Thursday, December 14, 2017

Commentary on Maus


I’m grateful to have had the opportunity to read this classic and powerfully influential work from comics history for this class. This is one of those landmark pieces that I’d hoped to read in this class, something that changed the course of comics history completely and the idea of what a comic can be. Maus has a very no-frills approach to visual storytelling that makes a point of prioritizing content over style which gives the narrative a sense of familiar realism at times, and at other times excels at creating blunt and immediate emotional impact. It’s a perfect marriage of form to function.
It’s almost embarrassing for me to analyze this work when I know that many people who are much smarter than me have likely written entire thesis projects and dissertations around the literary/artistic significance of all of Speigelman’s choices.

As I read Maus one of the aspects of it that struck me most was the effectiveness of the animal masks to represent different groups. Since the facial features of each species are drawn almost completely identically, characters are reduced essentially to dressed-up stick figures, far more symbol than physical presence. Because of this iconic approach the comic is a very fast read, and the story is incredibly legible. This blows my mind somewhat; clearly differentiating between characters while using such sparse defining characteristics as Speigelman manages to do throughout the book requires incredible skill in understanding and creating visual clarity. And the effect is powerful. In using the highly approachable medium of comics, Spiegelman has enhanced the reach of this incredibly difficult and painful story and made it impossible to deny the humanity of the characters.
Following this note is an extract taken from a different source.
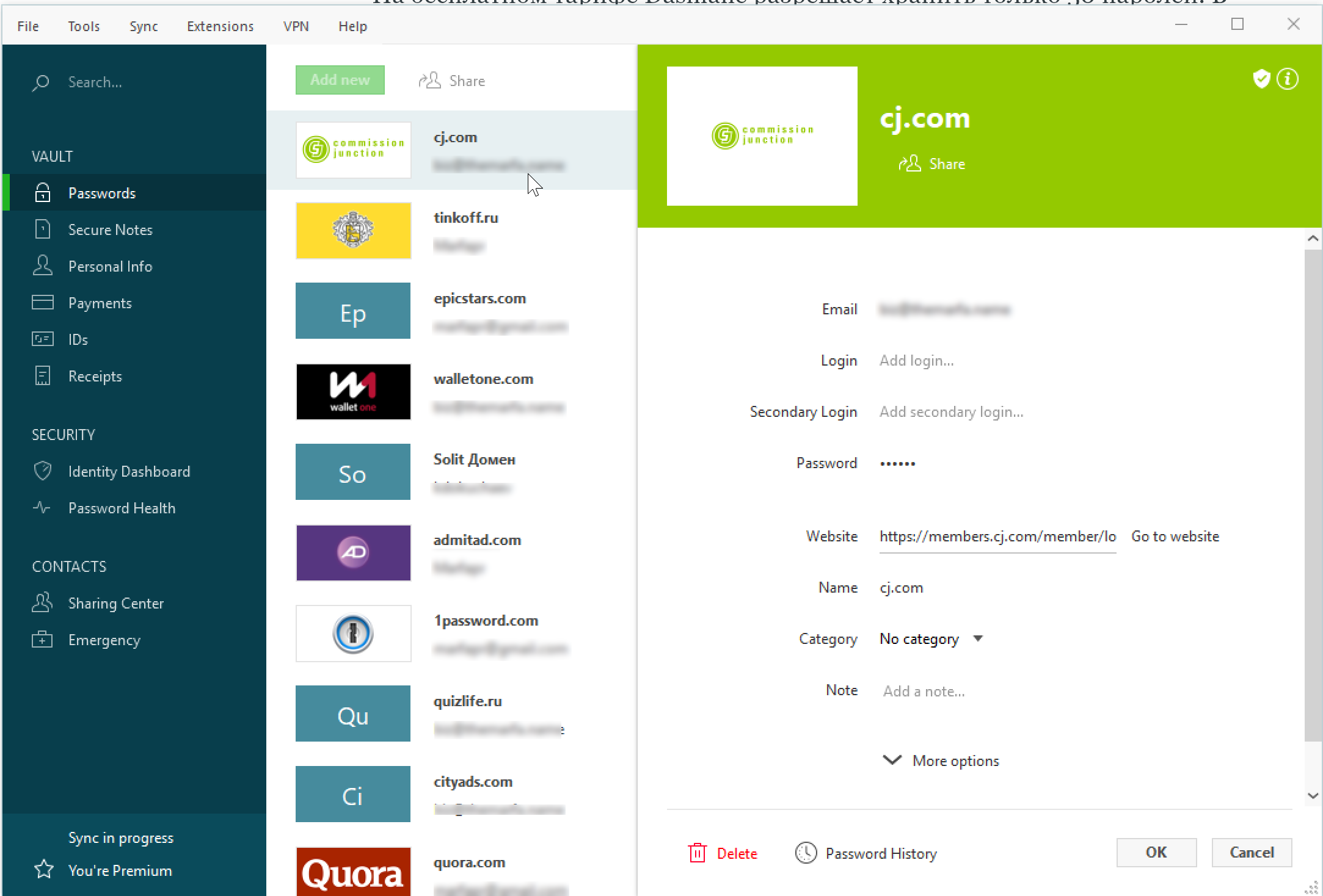 На бесплатном тарифе Dashlane разрешает хранить только 50 паролей. В платной версии никаких ограничений по количеству паролей нет. Кроме этого, в Dashlane можно хранить заметки, банковские карты, удостоверения личности, личную информацию для заполнения полей при оплате и чеки за покупки.

One other fascinating aspect of so literally highlighting the similarity between characters of the same species/heritage is that they enhance two things: creating automatic audience empathy toward others who look like the main characters that we are rooting for, and displaying the division of groups that Nazis capitalized on to create hatred and fear of those who are different. If groups are separated, it is much easier to dehumanize them, and thus much easier to justify terrible actions against them. Humans like to feel loyalty to their own social groupings, and this natural tendency has been exploited by fascism to encourage violence from the past all the way through the present. If we perceive people as being different enough from us, it’s simple to forget that they are people at all.


The state of the world today concerns me. I worry about how as survivors of the Holocaust people are dying out, people are already happy to forget what happened less than a hundred years ago and start repeating the same mistakes. To touch back on last week’s themes of the responsibility of the creator, I’ve been thinking a lot about how I could someday use the same tools Spiegelman does to encourage exposure of/empathy for the stories of the marginalized and forgotten. People seem to need constant reminders of the humanity of others in order to stop doing evil. I’d like to contribute to those reminders through whichever medium I can.